→ Task goal
Each line of the records must appear in your answer exactly, with no pictures.

Collection entries:
"""

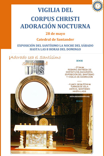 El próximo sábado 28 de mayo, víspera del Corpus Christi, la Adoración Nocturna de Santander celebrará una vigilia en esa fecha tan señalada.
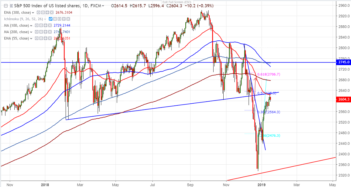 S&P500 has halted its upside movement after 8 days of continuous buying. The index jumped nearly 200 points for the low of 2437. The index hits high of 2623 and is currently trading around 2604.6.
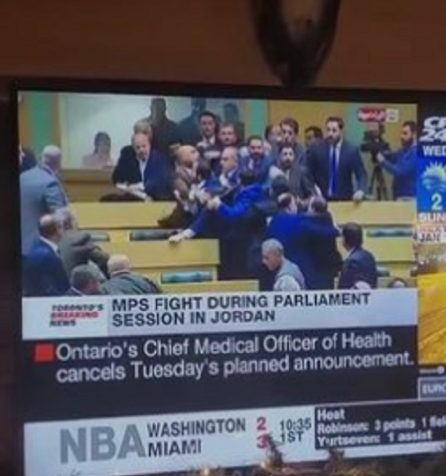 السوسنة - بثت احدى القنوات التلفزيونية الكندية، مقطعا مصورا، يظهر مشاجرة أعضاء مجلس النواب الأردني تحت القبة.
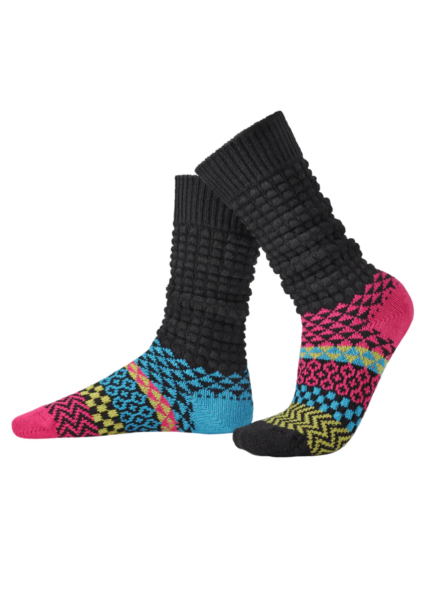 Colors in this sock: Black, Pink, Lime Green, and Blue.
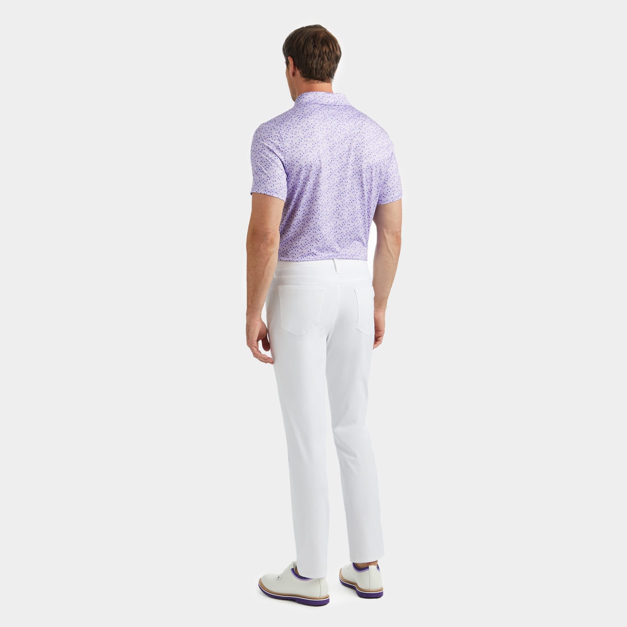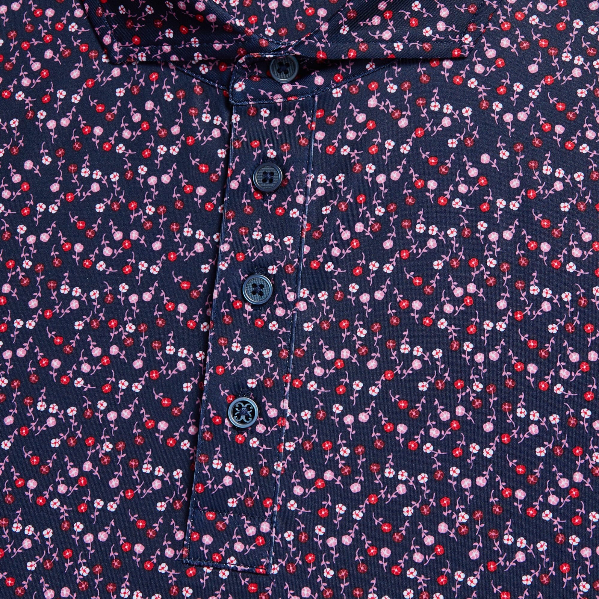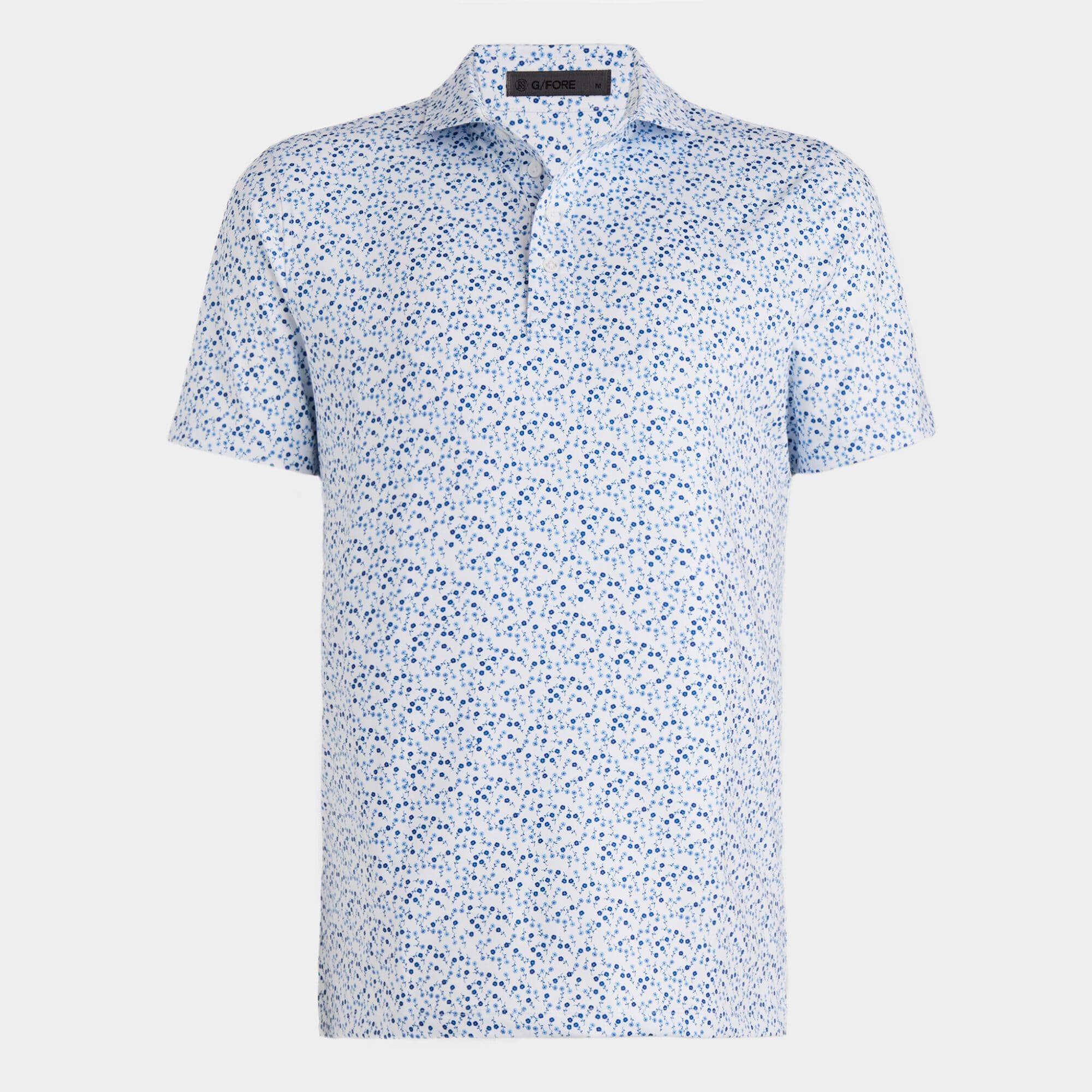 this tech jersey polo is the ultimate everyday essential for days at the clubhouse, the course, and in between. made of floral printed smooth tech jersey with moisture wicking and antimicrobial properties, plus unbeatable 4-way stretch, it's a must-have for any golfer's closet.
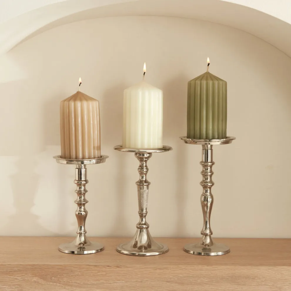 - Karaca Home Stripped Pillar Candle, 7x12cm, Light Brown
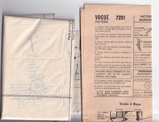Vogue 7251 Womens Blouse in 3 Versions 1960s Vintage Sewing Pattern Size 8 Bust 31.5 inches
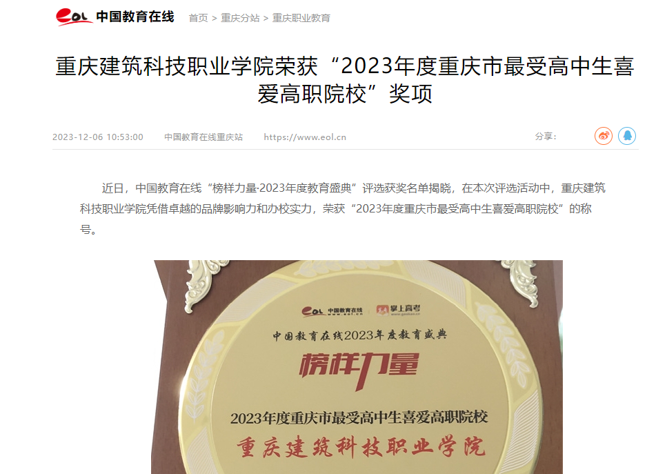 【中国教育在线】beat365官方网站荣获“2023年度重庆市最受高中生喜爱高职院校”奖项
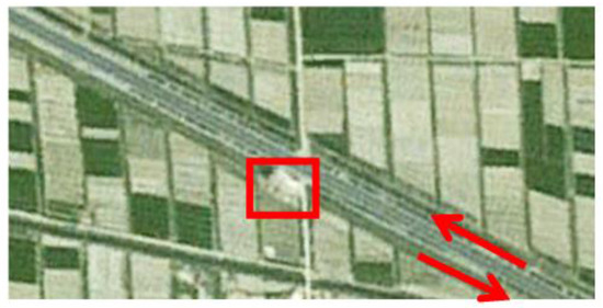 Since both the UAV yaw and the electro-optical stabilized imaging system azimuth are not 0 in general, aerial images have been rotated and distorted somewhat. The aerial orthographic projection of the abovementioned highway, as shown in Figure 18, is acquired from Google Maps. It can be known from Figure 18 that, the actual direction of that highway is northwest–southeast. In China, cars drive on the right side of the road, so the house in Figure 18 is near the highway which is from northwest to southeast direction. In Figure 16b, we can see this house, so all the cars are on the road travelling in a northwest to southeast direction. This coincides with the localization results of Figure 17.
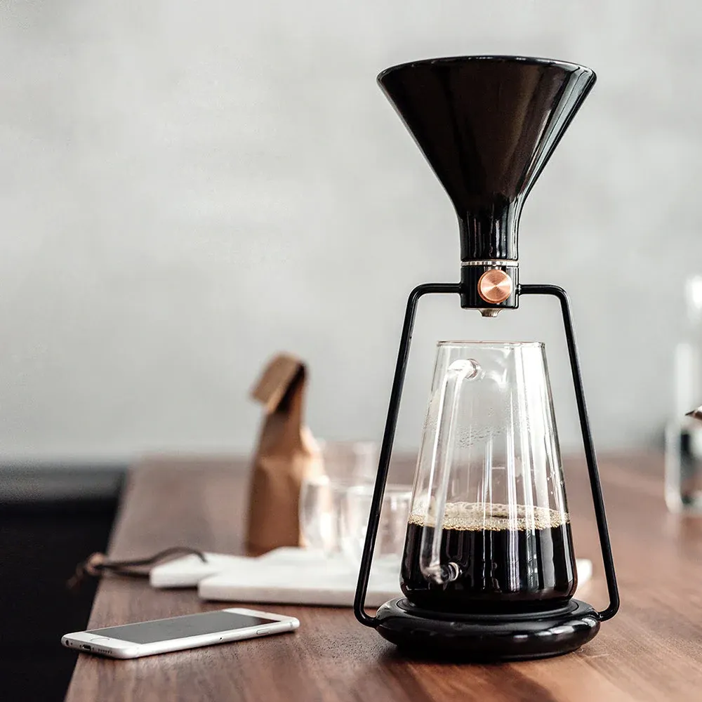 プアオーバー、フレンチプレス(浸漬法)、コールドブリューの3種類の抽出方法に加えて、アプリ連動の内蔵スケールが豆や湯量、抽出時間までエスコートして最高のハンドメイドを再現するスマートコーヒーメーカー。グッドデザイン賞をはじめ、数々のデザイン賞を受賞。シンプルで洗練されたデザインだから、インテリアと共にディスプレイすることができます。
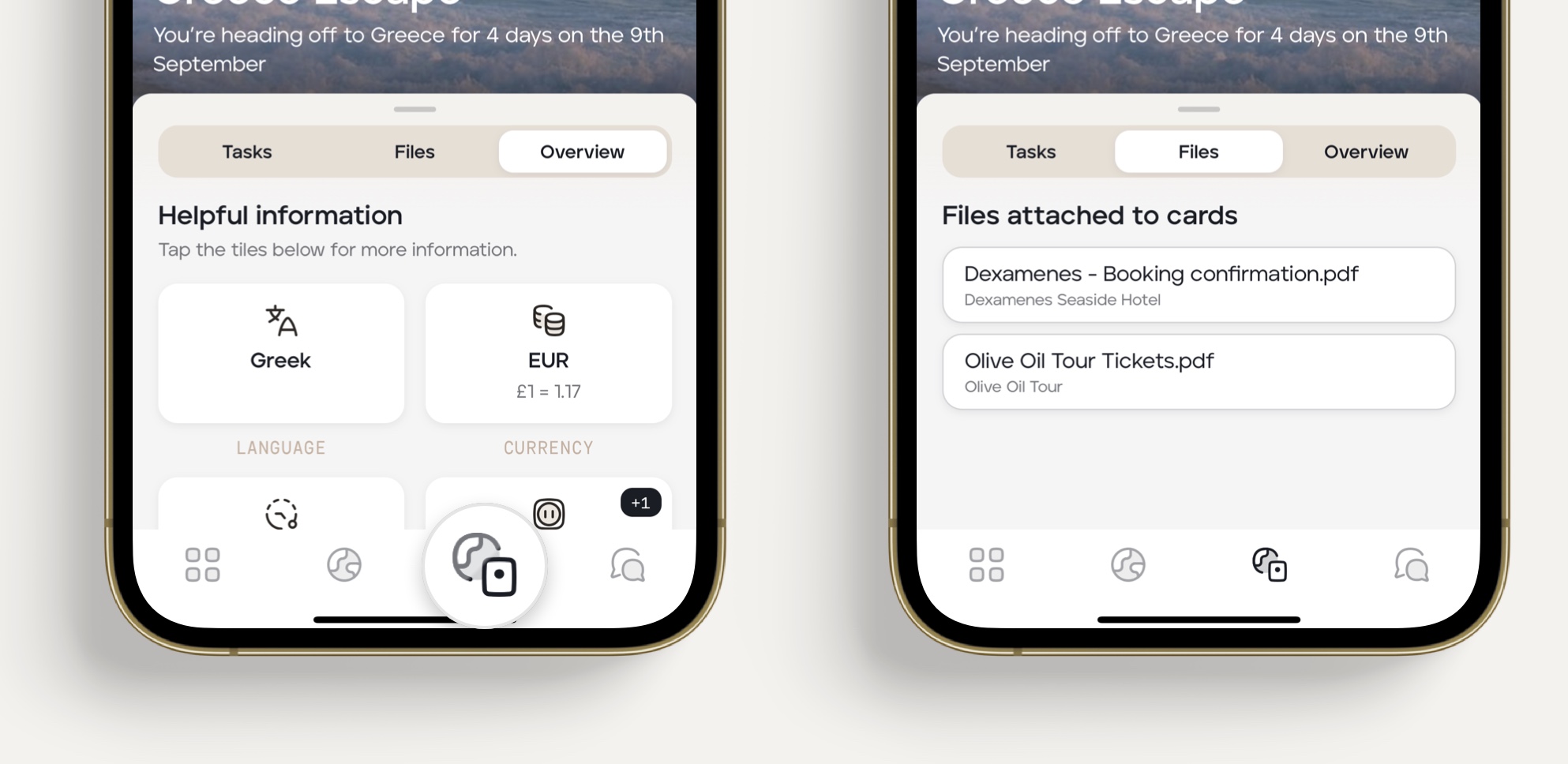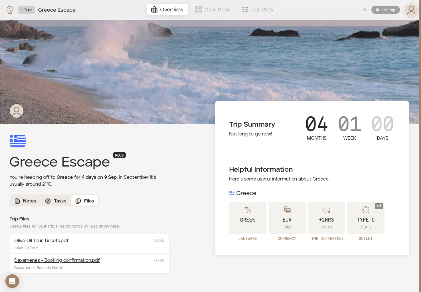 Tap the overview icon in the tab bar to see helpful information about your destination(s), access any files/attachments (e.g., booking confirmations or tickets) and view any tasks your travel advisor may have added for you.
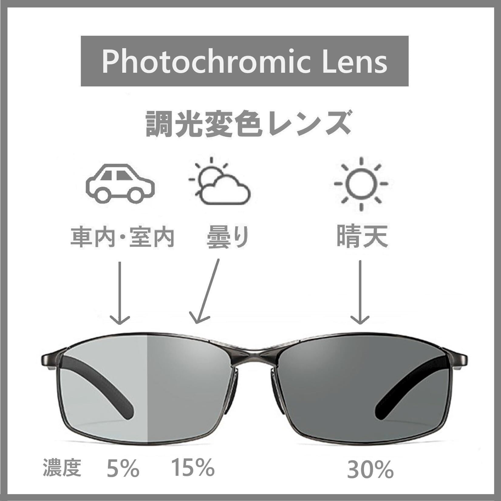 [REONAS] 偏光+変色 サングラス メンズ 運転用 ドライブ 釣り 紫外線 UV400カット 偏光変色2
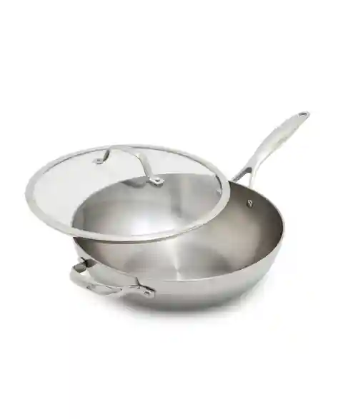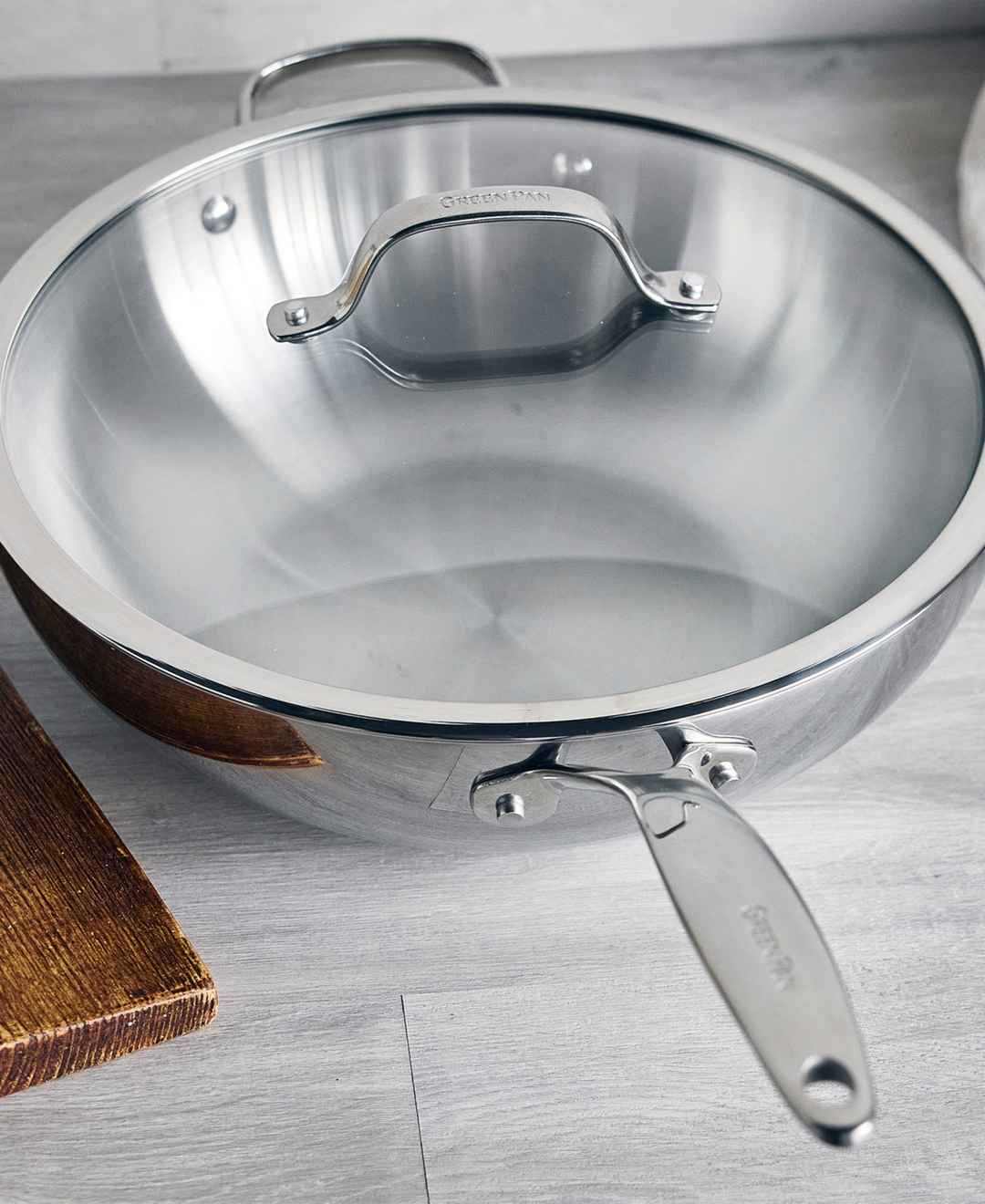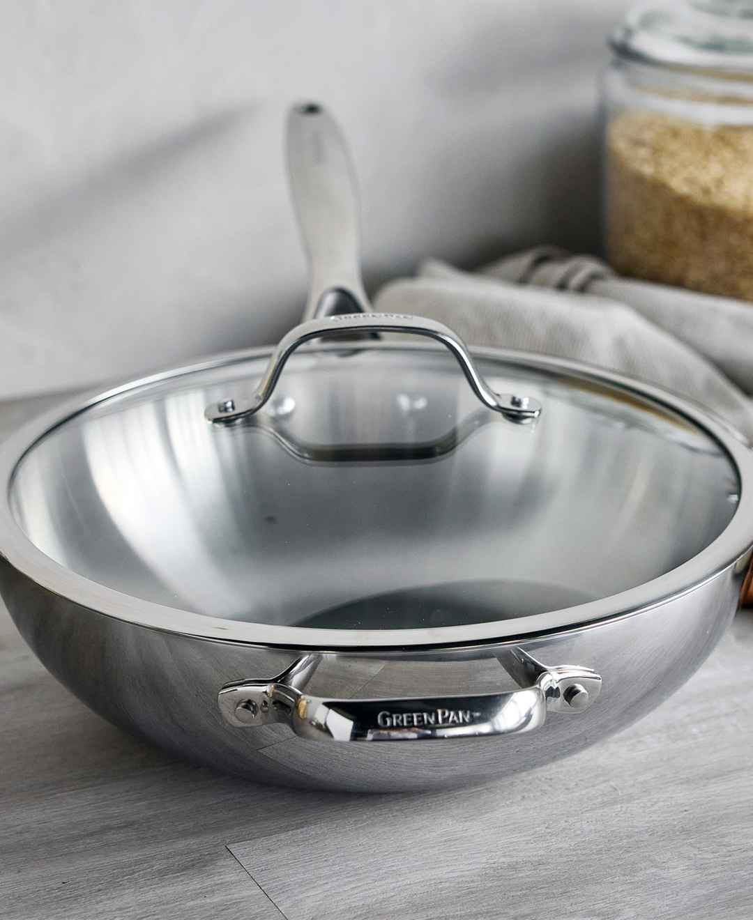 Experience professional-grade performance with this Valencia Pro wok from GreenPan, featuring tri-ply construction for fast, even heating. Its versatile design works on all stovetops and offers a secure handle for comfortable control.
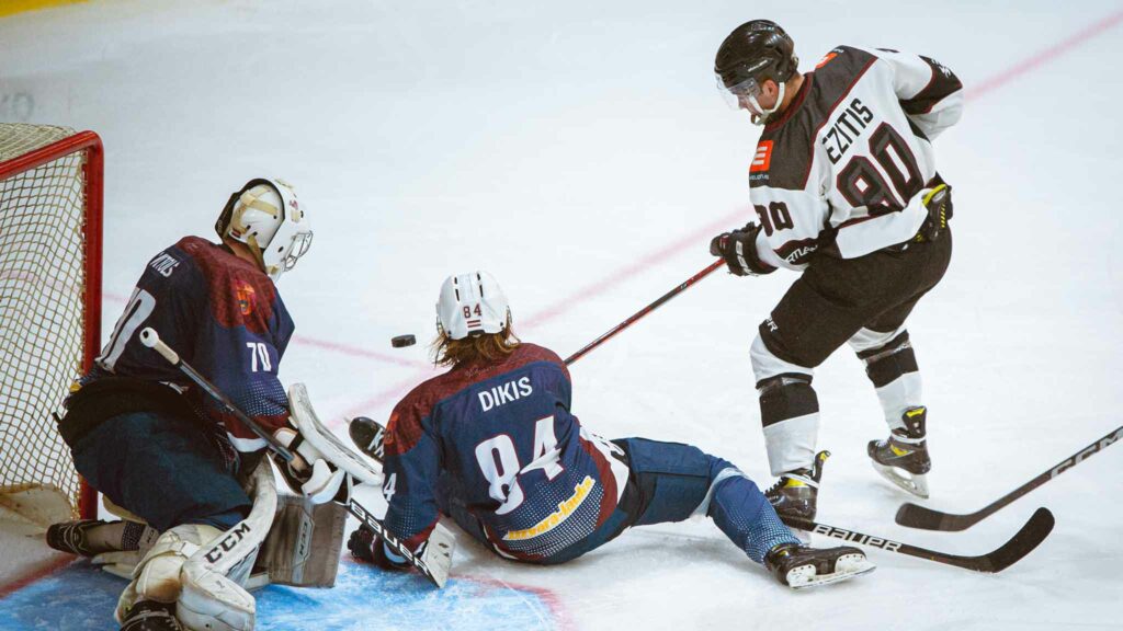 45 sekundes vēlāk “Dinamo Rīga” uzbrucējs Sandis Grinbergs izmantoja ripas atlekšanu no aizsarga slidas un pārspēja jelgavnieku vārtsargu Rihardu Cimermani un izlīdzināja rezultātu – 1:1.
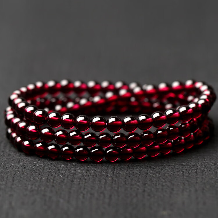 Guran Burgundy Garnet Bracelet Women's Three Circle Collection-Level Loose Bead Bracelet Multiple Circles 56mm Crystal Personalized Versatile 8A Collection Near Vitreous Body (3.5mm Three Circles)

"""

→ Output
 El próximo sábado 28 de mayo, víspera del Corpus Christi, la Adoración Nocturna de Santander celebrará una vigilia en esa fecha tan señalada.
 S&P500 has halted its upside movement after 8 days of continuous buying. The index jumped nearly 200 points for the low of 2437. The index hits high of 2623 and is currently trading around 2604.6.
 السوسنة - بثت احدى القنوات التلفزيونية الكندية، مقطعا مصورا، يظهر مشاجرة أعضاء مجلس النواب الأردني تحت القبة.
 Colors in this sock: Black, Pink, Lime Green, and Blue.
 this tech jersey polo is the ultimate everyday essential for days at the clubhouse, the course, and in between. made of floral printed smooth tech jersey with moisture wicking and antimicrobial properties, plus unbeatable 4-way stretch, it's a must-have for any golfer's closet.
 - Karaca Home Stripped Pillar Candle, 7x12cm, Light Brown
Vogue 7251 Womens Blouse in 3 Versions 1960s Vintage Sewing Pattern Size 8 Bust 31.5 inches
 【中国教育在线】beat365官方网站荣获“2023年度重庆市最受高中生喜爱高职院校”奖项
 Since both the UAV yaw and the electro-optical stabilized imaging system azimuth are not 0 in general, aerial images have been rotated and distorted somewhat. The aerial orthographic projection of the abovementioned highway, as shown in Figure 18, is acquired from Google Maps. It can be known from Figure 18 that, the actual direction of that highway is northwest–southeast. In China, cars drive on the right side of the road, so the house in Figure 18 is near the highway which is from northwest to southeast direction. In Figure 16b, we can see this house, so all the cars are on the road travelling in a northwest to southeast direction. This coincides with the localization results of Figure 17.
 プアオーバー、フレンチプレス(浸漬法)、コールドブリューの3種類の抽出方法に加えて、アプリ連動の内蔵スケールが豆や湯量、抽出時間までエスコートして最高のハンドメイドを再現するスマートコーヒーメーカー。グッドデザイン賞をはじめ、数々のデザイン賞を受賞。シンプルで洗練されたデザインだから、インテリアと共にディスプレイすることができます。
 Tap the overview icon in the tab bar to see helpful information about your destination(s), access any files/attachments (e.g., booking confirmations or tickets) and view any tasks your travel advisor may have added for you.
 [REONAS] 偏光+変色 サングラス メンズ 運転用 ドライブ 釣り 紫外線 UV400カット 偏光変色2
 Experience professional-grade performance with this Valencia Pro wok from GreenPan, featuring tri-ply construction for fast, even heating. Its versatile design works on all stovetops and offers a secure handle for comfortable control.
 45 sekundes vēlāk “Dinamo Rīga” uzbrucējs Sandis Grinbergs izmantoja ripas atlekšanu no aizsarga slidas un pārspēja jelgavnieku vārtsargu Rihardu Cimermani un izlīdzināja rezultātu – 1:1.
 Guran Burgundy Garnet Bracelet Women's Three Circle Collection-Level Loose Bead Bracelet Multiple Circles 56mm Crystal Personalized Versatile 8A Collection Near Vitreous Body (3.5mm Three Circles)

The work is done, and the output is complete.